Capt. Steven L. Bennetts side number, T-AK-4296, gives some information about her. The letter T indicates that it was "assigned to Commander, Military Sealift Command as a type commander." The letters "AK" are reserved for cargo ships. In fact, Bennett was actually a conbulker, a flexible design allowing it to carry both containerized and bulk cargo. Fully loaded, it could carry 1,922 containers.

Capt. Steven L. Bennett, like all MSC container ships, was self-sustaining, meaning that she had cranes which allowed her to move cargo without depending on shore-based equipment. This allowed Capt. Steven L. Bennett to fulfill her mission even in primitive, undeveloped or battle-damaged harbors.

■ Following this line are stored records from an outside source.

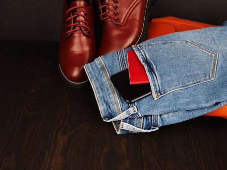 Mobile phone and passport in jeans pocket, leather shoes, travel concept.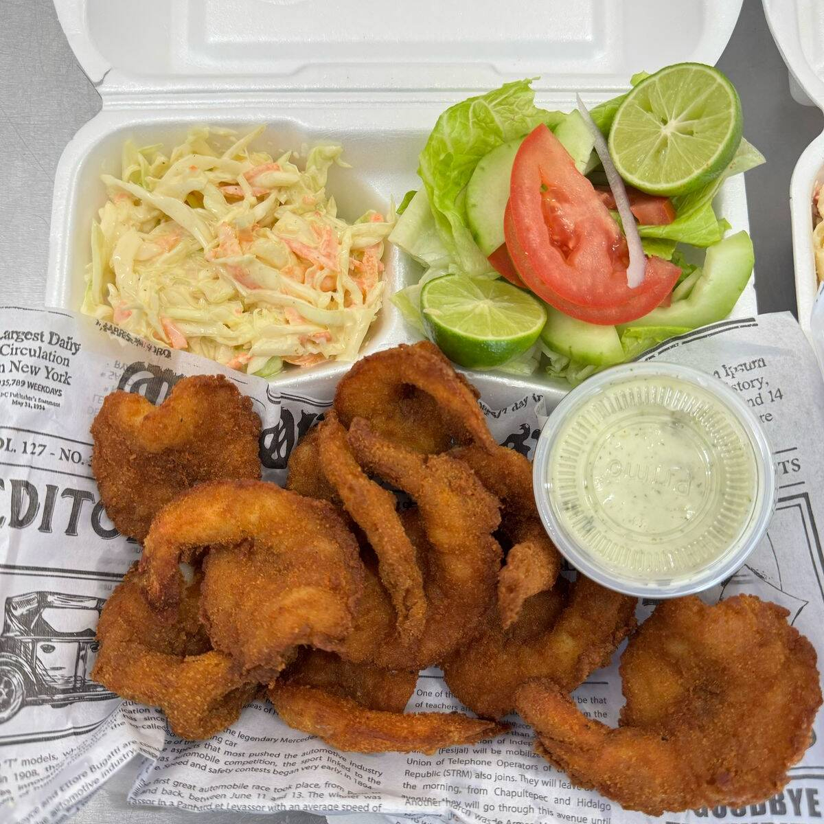 250 g Camarón empanizado, 2 complementos (sopa fría, sopa de arroz o ensalada chipilona), 1 aderezo (chipotle, tártara o jalapeño-cilantro), tortillas de maíz y cubiertos.
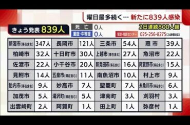 〈新型コロナ〉新潟県 新たに839人が感染 2日連続で800人超 曜日最多続く… (22/04/07 18:41)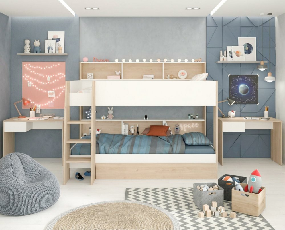 Patrová postel s šuplíkem si žádá i psací stoly pro dvě děti. Můžeme s jistotou říci, že patrová postel patří k nejčastějšímu řešení místa na spaní pro dvě děti a to již téměř dvě desetiletí, co se prodeji nábytku věnujeme. Ale dětský pokoj pro dvě děti, to přeci není jen patrová postel, ale i řada dalších, potřebných typů nábytku. Psací stoly mají v dětském pokoji rozhodně své místo, pokud jsou už vaše děti školou povinné. A pokud nejsou i tak myslete předem na jejich potřebu, aby vám po zařízení dětského pokoje zůstalo místo právě na psací stoly. A jak vznikal návrh dětského pokoje Shelter, který vám představujeme právě teď? Do pokoje jsme zakomponovali menší psací stoly s ohledem na skutečnost, že do dětského pokoje je třeba umístit hned dva pro dvě děti. I dva menší stoly jsou lepší, nežli jeden, o který by se děti měly dělit. Věříme, že náš návrh a vlastní uspořádání nábytku vás alespoň inspiruje, jak elegantně a účelově lze zařídit dětský pokoj s patrovou postelí.Kolekce dětského nábytku Shelter, kterou vám exkluzivně představujeme pouze na našich stránkách, nabízí i další dostupné díly nábytku, ale i další návrhy, jak příjemně může vypadat dětský pokoj i u vás doma. Patrovou postel v naší nabídce najdete rovněž samostatně, stejně jako i další díly z kolekce Shelter. Materiál laminátu s tloušťkou až 22 mm, kvalitní zpracování francouzského výrobce nábytku s certifikací. Celý dětský pokojíček vám doručíme naší vlastní dopravou bez poškození včetně výnosu zdarma.Dětský pokoj pro dvě děti, to není jen místo na spanív ceně sestavy pořídíte patrovou postel s šuplíkem, rošty a dva psací stolyrošty v podobě větraných desek, nosnost jednoho lůžka 90 kgrozměr místa na spaní o velikosti 90x200 cmvýška patrové postele 165 cm, hloubka 132 cm i se schůdky, délka 208 cmvýška šuplíku 22 cm, hloubka 42,4 cm, délka 163 cmšuplík jako úl. prostor, nelze využívat jako přistýlkyprostor mezi lůžky 68 cm, odkládací police podél obou lůžeknosnost jednoho schůdku 90 kg, široká nášlapn

===Environmental control===
As Capt. Steven L. Bennett carried sensitive electronic cargoes in harsh environments for potentially years at a time, she required advanced environmental controls. The most obvious is the cocoon, or white fabric shell, that covered the ship from holds number nine to three. The cocoon was removed from the ship in 2012 during a shipyard period. The hold climate control equipment was also mothballed. All ships in Bennett class "feature climate-controlled cocoons on their weather decks that allow them to carry approximately 50 percent more cargo, while protecting the additional cargo from the marine environment."

In addition to the cocoon, Capt. Steven L. Bennett used Tidal Engineering Corporation's Control and Monitoring System (TECMS) which monitored and controlled the cargo refrigeration and dehumidification controls, as well as providing administrative reports.

==Fate==
The ship was broken up at Alang, India on 18 March 2016.